The current title of the ANSI standard is TIA-422 Electrical Characteristics of Balanced Voltage Differential Interface Circuits and is now in revision B, published in May 1994, and was reaffirmed by the Telecommunications Industry Association in 2005.
Several key advantages offered by this standard include the differential receiver, a differential driver and data rates as high as 10 megabaud at 12 metres (40 ft). The specification itself does not set an upper limit on data rate, but rather shows how signal rate degrades with cable length. The figure plotting this stops at 10 Mbit/s.
EIA-422 only specifies the electrical signaling characteristics of a single balanced signal. Protocols and pin assignments are defined in other specifications. The mechanical connections for this interface are specified by EIA-530 (DB-25 connector) or EIA-449 (DC-37 connector), however devices exist which have 4 screw-posts to implement the transmit and receive pair only. The maximum cable length is 1200 m. Maximum data rates are 10 Mbit/s at 12 m or 100 kbit/s at 1200 m. EIA-422 cannot implement a truly multi-point communications network (such as with EIA-485), however one driver can be connected to up to ten receivers.

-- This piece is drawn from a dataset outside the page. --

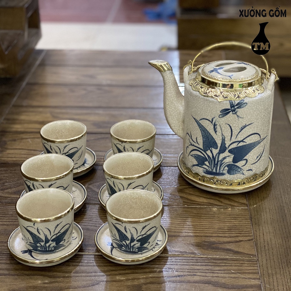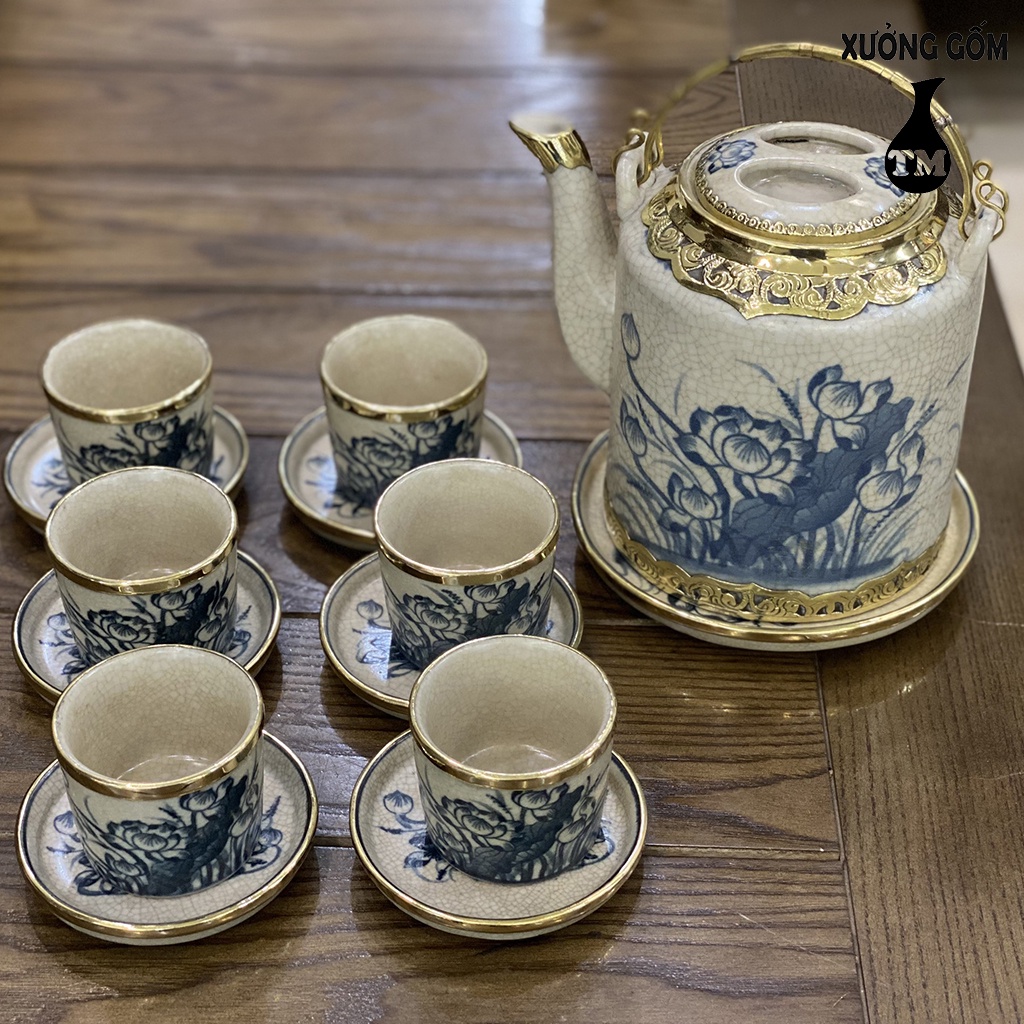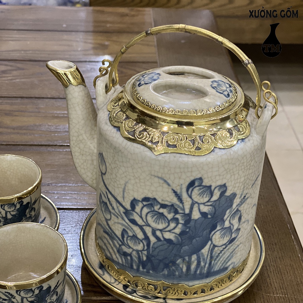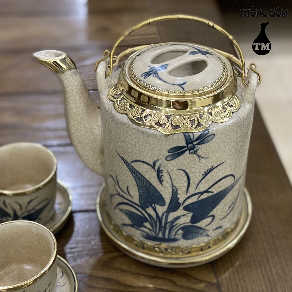Nhà cửa & Đời sống > Dụng cụ nhà bếp > Dụng cụ pha trà, cà phê || Bộ Ấm Tích Pha Uống Trà Xưởng Gốm TM Bát Tràng Men Rạn Bọc Đồng Họa Tiết Vẽ Tay Cao Cấp – Dung Tích 1LCòn hàng

A common use of EIA-422 is for RS-232 extenders. In video editing studios it is used to link control signals for all video and audio players/recorders to a central control board. Also, an RS-232-compatible variant of RS-422 using a mini-DIN-8 connector was widely used on Macintosh hardware until it was replaced by Intel's Universal Serial Bus on the iMac in 1998.
EIA-422 can interoperate with interfaces designed to MIL-STD-188-114B, but they are not identical. EIA-422 uses a nominal 0 to 5 Volt signal while MIL-STD-188-114B uses a signal symmetric about 0 V. However the tolerance for common mode voltage in both specifications allows them to interoperate. Care must be taken with the termination network.
EIA-423 is a similar specification for unbalanced signaling.
When used in relation to communications wiring, RS-422 wiring refers to cable made of 2 sets of twisted pair, often with each pair being shielded, and a ground wire. While a double pair cable may be practical for many RS-422 applications, the RS-422 specification only defines one signal path and does not assign any function to it. Any complete cable assembly (i.e. with connectors) should be labeled with the specification that defined the signal function and mechanical layout of the connector, such as RS-449.